Energy costs \(C_E\): In power-demand routing the main focus is on optimizing energy costs in the system. A significant component of these costs are the server clusters' energy costs. Each energy cost of the server cluster \(j\) is model by a non-decreasing function \(E_{j t_j}\) depending on the amount of electrical energy used by the cluster. Thus the function \(E_{j t_j}\) of \(x_{j t_j}\) requests that are serviced at cluster \(j\) has the form \(E_{j t_j}(\epsilon_{j t_j}(x_{j t_j}))\), where \(\epsilon_{j t_j}(x_{j t_j})\) is the energy (in \(kWh\)) used when \(x_{j t_j}\) requests are serviced at cluster \(j\). It is worth pointing out that \(E_{j t_j}(\epsilon_{j t_j}(x_{j t_j}))\) is one of components, denoted by \(C^E_{j t_j}(x_{j t_j})\), of a vector of cost functions \(\mathbf{C}_{j t_j}(x_{j t_j})\) assigned to server cluster arc \((j,t_j)\) in the network flow model, i.e. \[ C^E_{j t_j}(x_{j t_j}) \stackrel{\mathrm{def}}{=} E_{ ,t_j}(\epsilon_{j t_j}(x_{j t_j})). \] Therefore, the total cost of energy consumed in the system is the sum of costs of energy consumed in the clusters, \[ C_E(\mathbf{x})=\sum_{j=1}^n C^E_{j t_j}(x_{j t_j})=\sum_{j=1}^n E_{j t_j}(\epsilon_{j t_j}(x_{j t_j})), \; \mathbf{x}\in \mathbb{X}. \] In order to express the cost of energy in monetary units, one can use the following function: \[ C^E_{j t_j}(x_{j t_j})=E_{j t_j}(\epsilon_{j t_j}(x_{j t_j}))=\epsilon_{j t_j}(x_{j t_j}) \cdot \mathrm{price}^{E}_{j t_j}, \] where \(\mathrm{price}^{E}_{j t_j}\) is the price-per-\(kWh\) of electricity at a geographic location of cluster \(j\).
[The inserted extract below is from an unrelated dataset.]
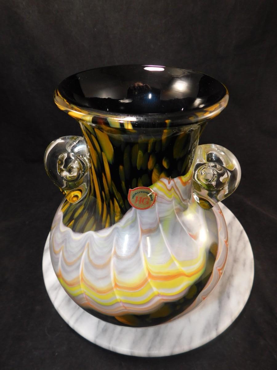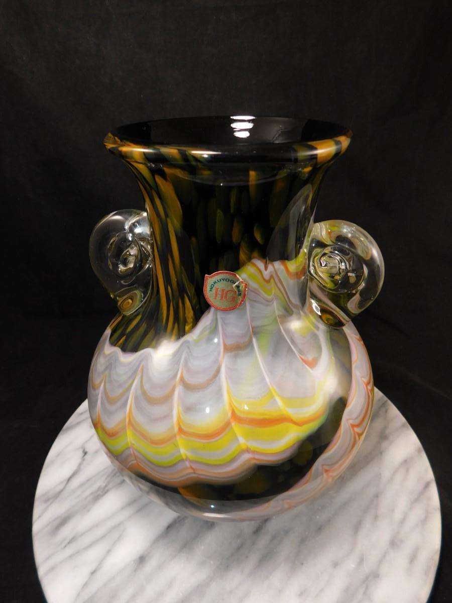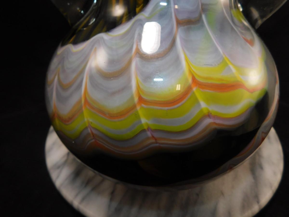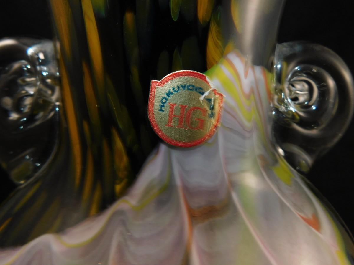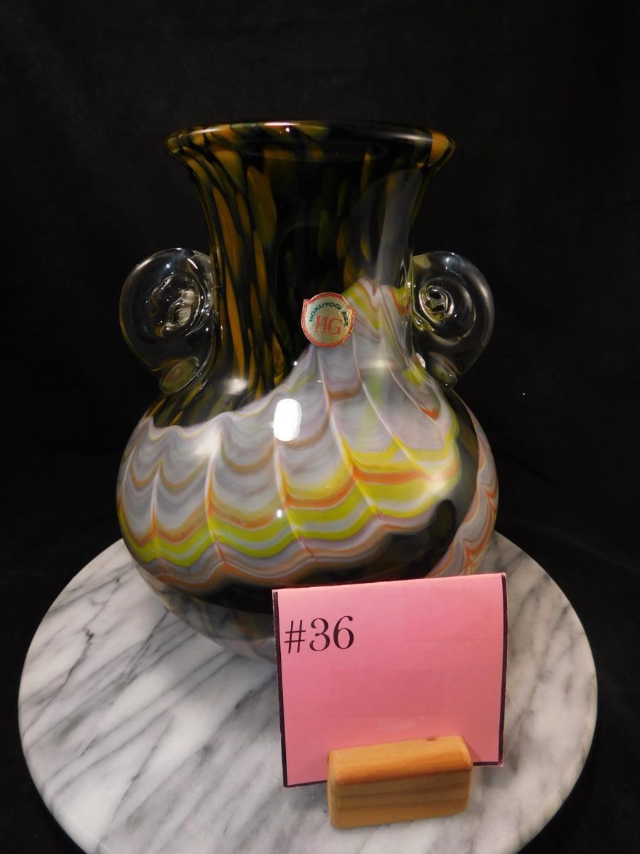 Beautiful Vintage HOKUYO Feathered Art Glass Vase 9.5”x7”

Of course, electricity prices can vary with time and geographic location - to cope with this problem, we refer the reader to   : 1 .

Pollution: One may minimize an impact of the energy consumed in the system on environment, for instance in terms of carbon footprints, instead of minimizing energy costs. In order to do this it suffices to express \(C^E_{j t_j}(x_{j t_j})\) in pollution units (in \(kg \;\;CO_2\)) or replace \(\mathrm{price}^{E}_{j t_j}\), in the above formulae, with a term specifying a time-varying pollution per \(kWh\).
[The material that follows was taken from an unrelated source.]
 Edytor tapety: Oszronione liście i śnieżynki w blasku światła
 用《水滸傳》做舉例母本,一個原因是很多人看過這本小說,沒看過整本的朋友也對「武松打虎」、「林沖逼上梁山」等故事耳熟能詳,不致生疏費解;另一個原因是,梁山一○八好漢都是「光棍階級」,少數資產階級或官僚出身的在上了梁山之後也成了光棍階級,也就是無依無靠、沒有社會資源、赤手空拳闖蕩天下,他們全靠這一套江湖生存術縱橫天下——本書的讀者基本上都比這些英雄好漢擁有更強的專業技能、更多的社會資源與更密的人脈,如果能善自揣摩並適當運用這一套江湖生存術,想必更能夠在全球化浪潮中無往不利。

Network costs \(C_N\): In power-demand routing the focus is also on optimizing network usage costs in the system. Obviously, network usage prices can vary with geographic location or with time in the same location. Each network usage cost of the server cluster \(j\) can be modeled by the following increasing function: \[ C^N_{j t_j}(x_{j t_j})\stackrel{\mathrm{def}}{=} x_{j t_j} \cdot \mathrm{price}^{N}_{j t_j}, \] where \(\mathrm{price}^{N}_{j t_j}\) is the price-per-\(request\) at a geographic location of cluster \(j\). Note that \(C^N_{j t_j}(x_{j t_j})\) is one of components of a vector of cost functions \(\mathbf{C}_{j t_j}(x_{j t_j})\) assigned to server cluster arc \((j,t_j)\) in the network flow model. Thus, the total network cost~\(C_N\) in the system is the sum of network usage costs of the clusters, \[ C_N(\mathbf{x})=\sum_{j=1}^n C^N_{j t_j}(x_{j t_j}), \; \mathbf{x}\in \mathbb{X}. \] For more realistic network usage cost functions see   : 1 .
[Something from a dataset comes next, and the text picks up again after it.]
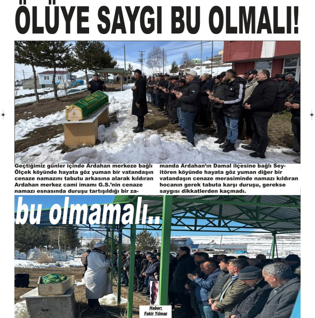 Ardahan merkeze bağlı Ölçek köyünde hayatını kaybeden bir vatandaşın cenazesinde çekilen fotoğraf karesi, sosyal medyada tartışma konusu oldu. Cenaze sırasında çekilen görüntüde, imamın tabuta arkasını dönerek durduğu görülüyor. Söz konusu kare kısa sürede yayılırken, farklı yorumları da beraberinde getirdi.

System performance costs \(C_P\): The last criterion that one focuses on, during the course of the optimization process, is the criterion that expresses the system performance. Clearly, poor system performance causes a loss of revenue. A reasonable metric of system performance is end-to-end request latency. The end-to-end request latency is included in the network flow model by defining the average end-to-end request latency \(L_{\mathrm{ave}}\) over the system, i.e. \[ L_{\mathrm{ave}}(\mathbf{x})=\frac{1}{\sum_{i=1}^m r_{s_i}}\sum_{i=1}^m \sum_{j=1}^n x_{s_i j}l_{s_i j}(x_{j,t_j}). \] Two bounds are specified on the request latency in the system. The first one is the upper bound \(D_{\max}\) whose violating causes degrading the system performance and in the result, for example a loss of revenue. Hence, we arrive to the following constraint (see Constraints C4 and C5): \[ L_{\mathrm{ave}}(\mathbf{x})\leq D_{\max}. \] The second one is the lower bound \(D_{\min}\) on the request latency whose violating causes no additional utility to the system operators. Thus, we have the third component of the three component vector, namely: \[ C_N(\mathbf{x})=\max\{ 0, L_{\mathrm{ave}(\mathbf{x})}-D_{\min}\}, \; \mathbf{x}\in \mathbb{X}. \]

One can try to express \(C_N(\mathbf{x})\) in monetary units to tread the cost functions in the model equivalently.